Lufthansa Technik RoCCET Lufthansa Technik

Lufthansa Technik Develops Robot to Test Cockpit Controls

LHT says the fully-automated procedure is able to provide more consistent, reliable results than the human eye.

Lufthansa Technik (LHT) has developed a robotic procedure for more consistent, reliable testing of cockpit controls. According to LHT, the fully-automated procedure—called RoCCET (Robot Controlled Cockpit Electronics Testing)—can greatly reduce the time it takes employees to manually check cockpit switches and LEDs.

The RoCCET robot features integrated sensors to measure the forces that occur when switches are activated, and it is equipped with several industrial cameras to look for damage and measure brightness from various angles. RoCCET can be used to test for a variety of conditions, such as worn out instrument switches or LED lights that may be too dark for flight operations. According to LHT, human perception of these factors can differ, so robotic testing can make the procedure more consistent and reliable.

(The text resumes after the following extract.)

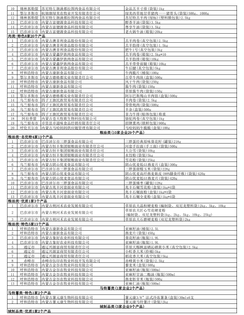 2025第十三屆內(nèi)蒙古“名優(yōu)特”農(nóng)畜產(chǎn)品名單公告

“This fully automated procedure allows us to ease the burden on our colleagues in the workshops and reduce the testing effort by one to two hours per component. At the same time, the new procedure provides concrete measurement data in accordance with uniform standards,” explains Florian Sell, manager of the RoCCET project and senior engineer of automated test equipment systems for LHT’s Aircraft Component Services division. “For example, we now have physical threshold values for the brightness of LEDs. And with the help of data mining, we can determine exactly when an LED has to be replaced.”

LHT has completed long-term testing of this data mining using artificially aged switches and says it has “achieved some really promising results.” The company’s next step will be using combined analysis of available aircraft data and newly-generated measurement data from RoCCET for preventive maintenance. The data will help LHT determine when a display or switch is nearing the end of its lifecycle so unplanned repairs or replacements can be reduced.

RoCCET is currently in the integration phase and will initially be used for cockpit controls on Boeing 787 and Airbus A320 and A350 aircraft. LHT says that in the future, its use may be extended to different cockpit and cabin controls on all aircraft types in various locations.